= Chaz Bowyer =

British Royal Air Force armaments and explosives instructor (1926–2008)

Chaz Bowyer

Raymond "Chaz" Bowyer (29 September 1926 – 18 June 2008) was a Royal Air Force armaments and explosives instructor who, after he retired from service, wrote and edited over forty books relating to the operations, aircraft, and men of the Royal Flying Corps, Royal Air Force, and Royal Naval Air Service. He also edited for publication the memoirs of the pilots C.P.O. Bartlett, Eric Crundall, and Gwilym H. Lewis.

==Early life and family==
Chaz Bowyer was born in Weymouth, Dorset, on 29 September 1926, to Reginald (a builder) and Dorothy Bowyer née Northam. He was educated at high schools in Solihull and Nelson, England. He married twice and had a daughter from his first marriage and a son and a daughter from his second. His first wife pre-deceased him. A heavy smoker, Bowyer gave up cigarettes for small cigars after a heart attack.

==Royal Air Force==
Bowyer joined the Royal Air Force in 1943 at the age of 16 under the Aircraft Apprentice Scheme, based at RAF Halton. The scheme had been instituted by Lord Trenchard to improve the supply of technically trained ground crew and its entrants were affectionately known as "Trenchard brats". He served for 26 years, became an instructor in explosives and armaments, and was stationed in Egypt, Libya, Palestine, Singapore, and Aden. On his first posting overseas, somewhere in north Africa, he was told to dig a hole in the sand and improvise a tent over it. He often remarked, "If you can't take a joke you shouldn't have joined". He reached the rank of sergeant before retiring in 1969 to pursue a career in aviation research and writing. He was a life member of the Royal Air Force Association.

==Writing==
Bowyer produced over forty books relating to the Royal Flying Corps, Royal Air Force and the Royal Naval Air Service. He told Contemporary Authors:

My motivation? Primarily to place on permanent record accurate accounts of men, deeds, and events connected with Royal Air Force history. This is exemplified (perhaps) by For Valour: The Air V.C.s which is now accepted as the standard reference work on the subject. I am tired of reading historical drivel as perpetrated by 'well-known' authors, most of whom are simply novelists or journalists with no background knowledge of genuine aviation history. Too many 'military historians' are simply writers jumping on the history bandwagon only for profit.
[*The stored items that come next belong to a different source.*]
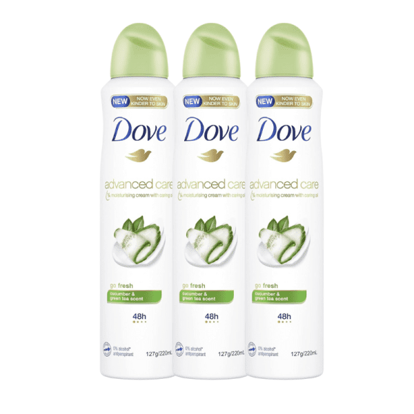 3* Dove Advanced Care Antiperspirant Aerosol Deodorant Go Fresh Cucumber & Green Tea 220ml (packaging may vary)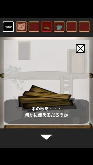 右上の扉に「バール」を使って、「木の板」を入手。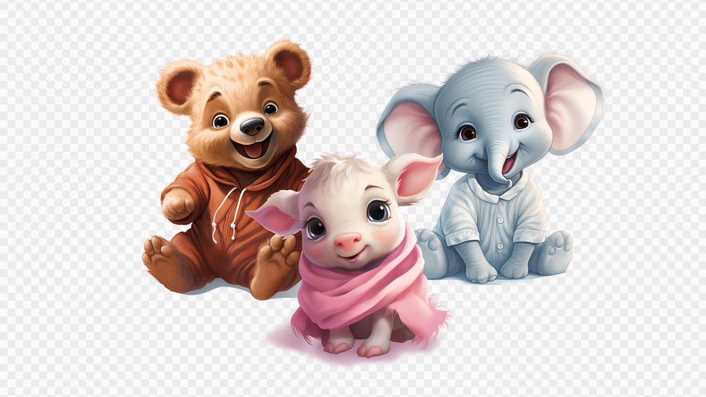 - Same 12 high-quality PNG files of baby animals illustrations without shadows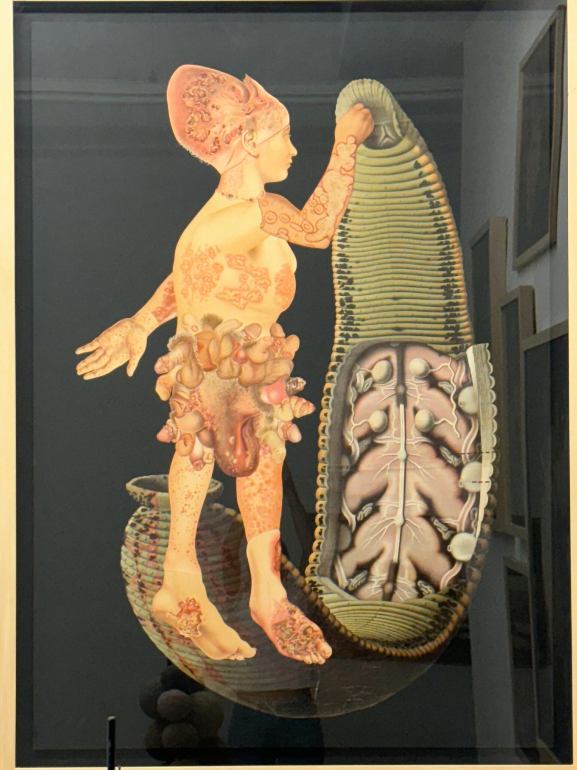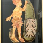 Collage (aus Originalmaterialien, analog; historische Drucke aus dem frühen 20. Jh.; botanische Wandtafeln, medizinische Bücher), koloriert, auf Kunststoffplatte, gerahmt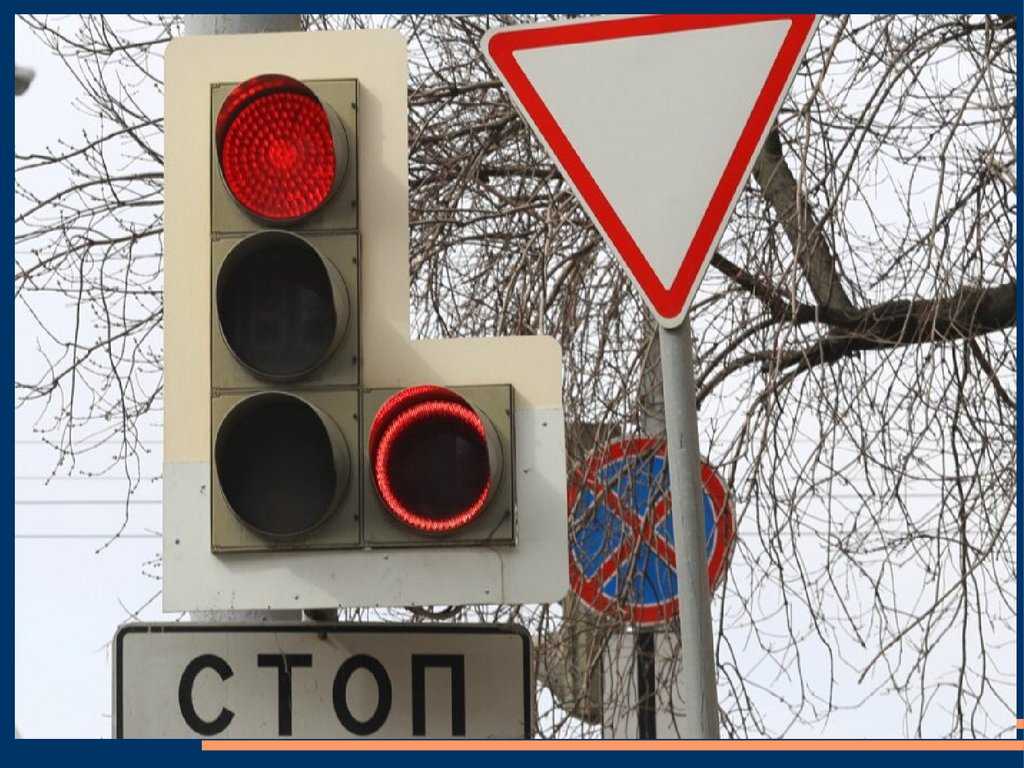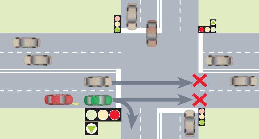 При проезде перекрестков со светофорами в первую очередь следует определить, какой из сигналов светофора соответствует нужному направлению.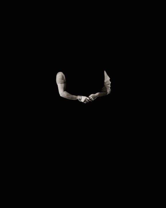 Dans Je n’écris plus pour moi seule, Lise Dua faisait s’entrechoquer deux écritures poétiques : celle de son père et la sienne. Au carrefour du récit familial et de l’exploration fantastique de notre histoire, elle donnait à voir les récurrences amusantes, les résonances touchantes des images que l’on fige pour qu’elles ne soient jamais oubliées. À travers Les loyautés – un ouvrage petit format convoquant irrésistiblement l’identité de l’album de famille – la photographe française pousse sa recherche encore plus loin. « Celle-ci a débuté en 2019, et fait suite à la série précédente. J’avais commencé à inventorier des gestes, à les classer et à les mettre en perspective avec d’autres mouvements. Cette exploration s’est poursuivie dans ce nouveau projet, sauf qu’ici, le tirage n’existe plus en tant que document – j’entre dans la matière même de l’image en recadrant un fragment pour lui donner un autre sens », explique-t-elle.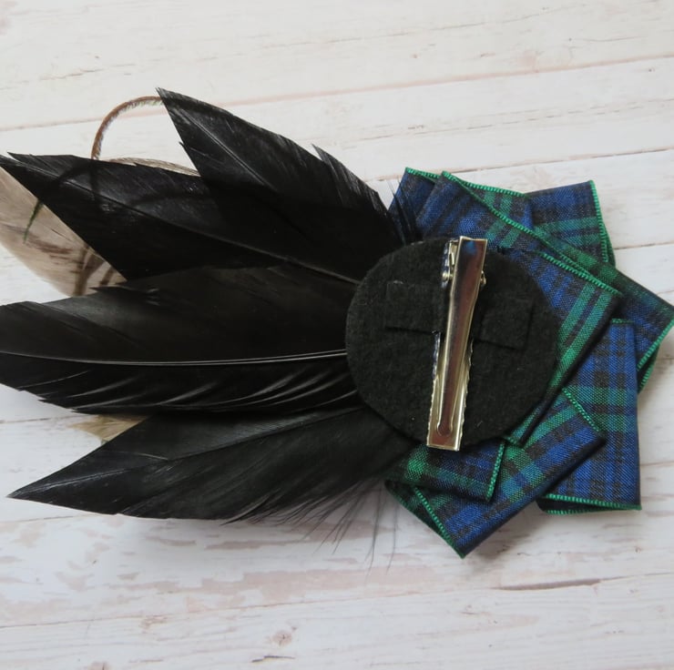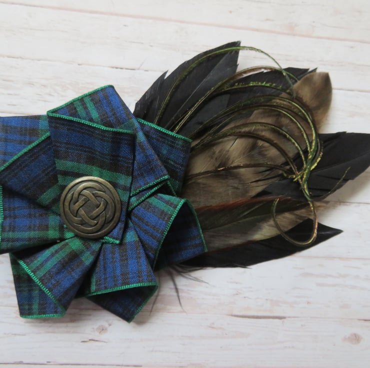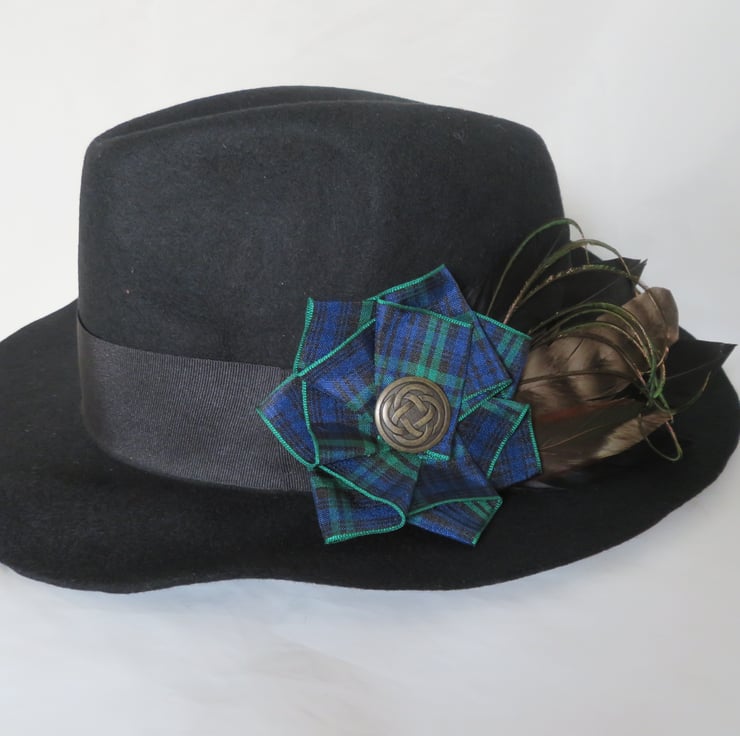 Complemented with a large Black Watch tartan ruffle made with 40 mm wide ribbon and finished with a large Brass Celtic button.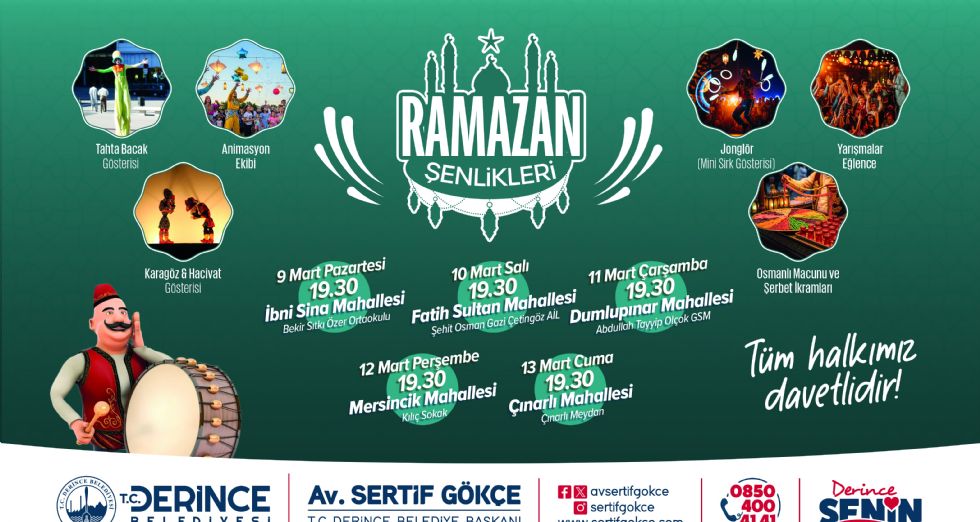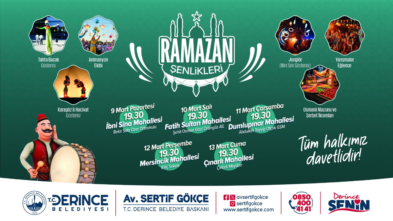Derince Belediyesi tarafından düzenlenen Ramazan Şenlikleri, 9-13 Mart tarihleri arasında ilçenin farklı mahallelerinde vatandaşlarla buluşacak. Birbirinden renkli gösteri ve etkinliklerin yer alacağı programlarda, Ramazan ayının birlik ve beraberlik ruhu mahallelere taşınacak. Her gün saat 19.30’da başlayacak etkinliklerde özellikle çocuklar için hazırlanan sahne gösterileri ve sürpriz aktivitelerle aileler keyifli bir Ramazan akşamı yaşayacak.

He began to write while in service with the RAF, contributing to squadron newsletters and similar publications wherever he was stationed. His first book attempt was on RAF Calshot but his first major work was The Flying Elephants, a history of Number 27 Squadron, Royal Flying Corps and the Royal Air Force from 1915 to 1969 (Macdonald, 1972), a unit in which Bowyer served, which received a foreword by Air Marshal Sir Andrew McKee.

In 1979 he edited a translation from German into English of Armand van Ishoven's life of the First World War flying ace Ernst Udet, Udet (1977), published in English as The Fall of an Eagle: The Life of Fighter Ace Ernst Udet.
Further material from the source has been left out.